# Which introverted rational function would you rather have: Ti or Fi?



## Quentin Cipius (Oct 26, 2013)

I’d like to keep my Fi. Though, I’d like to understand it better. I’ve recently come to realize what it means to have introverted judging functions as inferior function and how it impacts on me. I’ve to admit that I’m not very good with controlling my inferior functions even if I’m aware of it.

For every ENTJ around here I recommend personalityjunkie post about ENTJ and especially part about inferior function.


----------



## VioletEvergarden (May 10, 2011)

Ti fo life


----------



## zerocrossing (Jul 6, 2011)

I like my Ti and would prefer to keep it. I just wouldn't want it as my dominant function... cuz I LOVE my Ne.


----------



## monemi (Jun 24, 2013)

I like my Ti. I was unaware there was anything negative to it. Maybe because it's my auxiliary function. I don't want it as my Dom. I don't want to over think things. But it has a handy way of helping me find my way out of sticky situations. *hugs Ti* Don't ever leave me.


----------



## Coldspot (Nov 7, 2011)

I don't think there will be many people who will say they prefer the one that they don't use. I myself would stick with my Fi, but that is mostly because I have no idea how Ti would work with me. I will almost always pick that which I am familiar with, except for when what I'm familiar with is hell on earth for me.


----------



## uncertain (May 26, 2012)

antahon said:


> Fi and morality are closely linked. I just think morality is an unnecessary burden that slows the brain down. I've seen Fi users needlessly torture themselves with silly stuff. They also have unreasonable expectations from others, which are rarely met and that hurts them. Which sucks.
> 
> I know that no function is better than the other. I just don't like Fi.


But Ti users are often paranoid or irritated over words and meanings and some other things or when things are vague or not all that logical, to an unnecessary degree, and I don't always understand why. A lot of these don't bother me or matter much to me.

Sometimes your obsession with logic hinder/slow down communication when logic is not the point and things don't need to be _perfectly_ logical to make sense.

Recently I have read that in AP style, "more than" is different from "over". Because and since are used in different occasions. United States and U.S. are used differently. and more. (from Twelve Common Mistakes of AP Style | InkHouse) Looks pretty Ti to me.

Ti is pretty awesome and useful, but sometimes it's just not, and it makes me laugh.

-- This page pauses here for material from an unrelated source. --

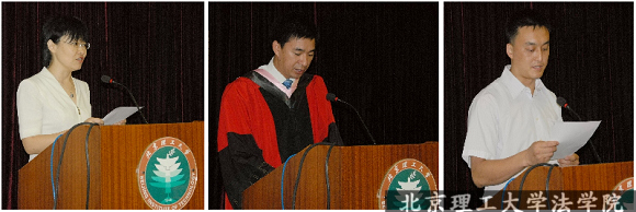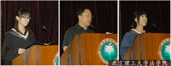 随后,最近被学校授予“我爱我师”荣誉称号的法学院教师郭德忠(中)代表教师向毕业同学寄语。法学院2005级本科优秀毕业生刘沫涵(左),2007级研究生优秀毕业生曾竞(右)作为学生代表发表毕业感言。

I kind of agree with you on Fi. Sometimes it's true. But I still voted Fi because without it I wouldn't have become who I am now. I am not saying that I am great. It's just that whatever I am as a person is very important to me, and I can't imagine being another person.


----------



## The_Wanderer (Jun 13, 2013)

I'd like to have Ti. But damn it, I'm stuck with this bastard swine Fi auxiliary. We get along sometimes I guess, it's very love-hate.


----------



## The Exception (Oct 26, 2010)

I want to switch to Ni. Just because.


----------



## I Kant (Jan 19, 2013)

Fractals and Pterodactyls said:


> I want to switch to Ni. Just because.


I think Ni takes a while for children to develop into something more useful than just a cool head-space. I imagine adults who could somehow switch to Ni would find the start up times annoying or inconvenient if something similar occurs as to children.


----------



## Word Dispenser (May 18, 2012)

I only know how my own cognitive processes, strong and weak, interact. I can only _imagine_ what it might be like to possess any other. And, I admit, that this kind of mental exercise _is_ interesting, but...

I can't really make a preference over one or the other, since I'm biased.

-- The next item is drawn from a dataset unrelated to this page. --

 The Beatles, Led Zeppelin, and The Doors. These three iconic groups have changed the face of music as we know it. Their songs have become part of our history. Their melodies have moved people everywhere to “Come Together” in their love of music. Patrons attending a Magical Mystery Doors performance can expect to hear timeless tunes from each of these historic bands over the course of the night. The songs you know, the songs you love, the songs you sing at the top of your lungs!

I already possess one of these functions. The other is only known by reading about the process, and analyzing how it _might _be.

The crux of it is, if I were to choose Fi, I'd judge based on what I've read about, and then how it works in action: How it merely _appears_ to be in others. 

Not what is actually happening within, or what it feels like, or how it interacts with thoughts, and actions, and what it _is _to be looking through that lens. As I _should _be able to choose it based on.

But, I wouldn't mind suddenly waking up with different cognitive functions. 

Or would I? 

Maybe I'd just be immediately acclimatized to it. 

Or maybe it'd be like waking up as Alice in Wonderland. 

Maybe I'd go insane.

Maybe I'd cry for days.

It's only perceptions, not the thoughts or emotions themselves... But, our perceptions seem to have a great deal to do with who we are as people, and how we interact with and view the world.


----------



## Schneemann (Nov 15, 2013)

As I believe we use every function I can't answer this question. I need fi when I talk about my needs and I use ti when I need to figure things out in an unknown territory. However the one I use more often in my own live will be ti for sure.


----------



## Lunaena (Nov 16, 2013)

I would rather have them both well developed.


----------



## dragthewaters (Feb 9, 2013)

Ti. Fi has no practical use.


----------



## mushr00m (May 23, 2011)

Ti seems kinda bland compared to Fi. Im totes biased :tongue:


----------



## AdaptiveDaydreamer (Nov 10, 2013)

ufohjerneblodning said:


> I would rather have them both well developed.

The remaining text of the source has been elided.